*** Material provided ***

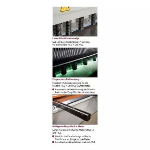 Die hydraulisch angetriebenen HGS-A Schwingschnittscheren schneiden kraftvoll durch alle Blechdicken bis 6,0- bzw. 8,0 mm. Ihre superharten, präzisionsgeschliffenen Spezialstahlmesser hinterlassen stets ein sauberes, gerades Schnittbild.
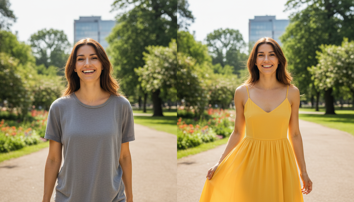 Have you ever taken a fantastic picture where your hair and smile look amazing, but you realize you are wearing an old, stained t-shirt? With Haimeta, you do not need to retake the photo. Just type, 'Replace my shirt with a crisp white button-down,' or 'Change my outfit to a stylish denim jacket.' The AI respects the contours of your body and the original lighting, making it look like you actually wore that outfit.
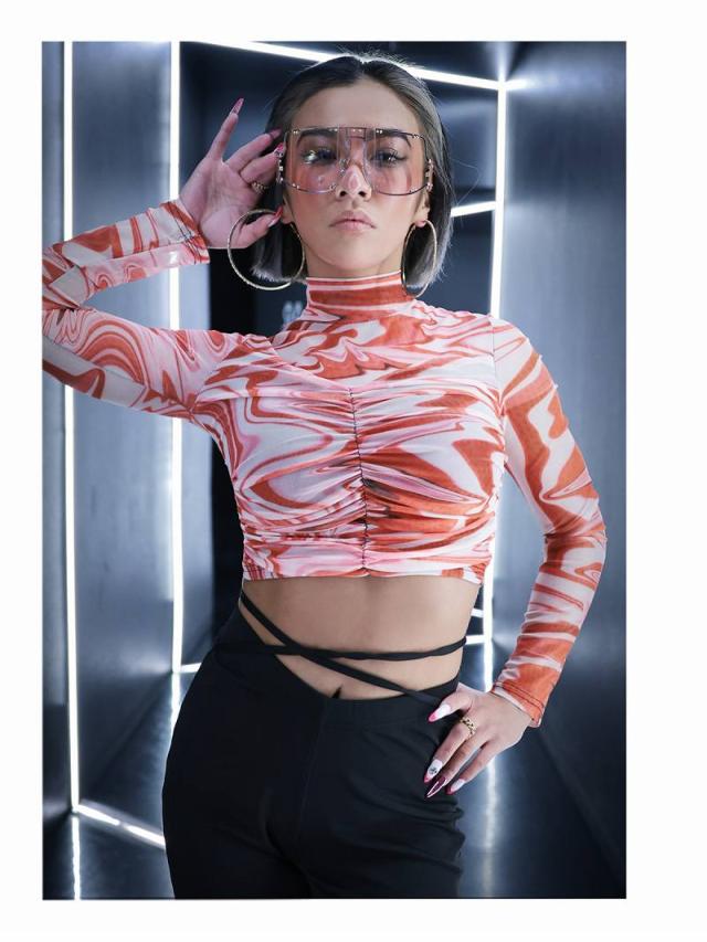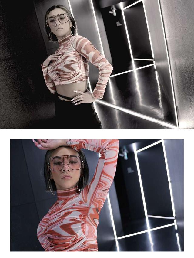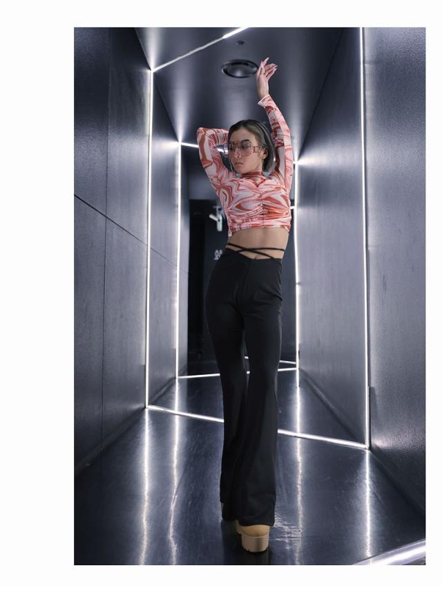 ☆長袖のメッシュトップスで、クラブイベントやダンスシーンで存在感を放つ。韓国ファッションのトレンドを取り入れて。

***

Activity: In your copy, include no pictures; print every line above exactly.

Exercise answer:
 Die hydraulisch angetriebenen HGS-A Schwingschnittscheren schneiden kraftvoll durch alle Blechdicken bis 6,0- bzw. 8,0 mm. Ihre superharten, präzisionsgeschliffenen Spezialstahlmesser hinterlassen stets ein sauberes, gerades Schnittbild.
 Have you ever taken a fantastic picture where your hair and smile look amazing, but you realize you are wearing an old, stained t-shirt? With Haimeta, you do not need to retake the photo. Just type, 'Replace my shirt with a crisp white button-down,' or 'Change my outfit to a stylish denim jacket.' The AI respects the contours of your body and the original lighting, making it look like you actually wore that outfit.
 ☆長袖のメッシュトップスで、クラブイベントやダンスシーンで存在感を放つ。韓国ファッションのトレンドを取り入れて。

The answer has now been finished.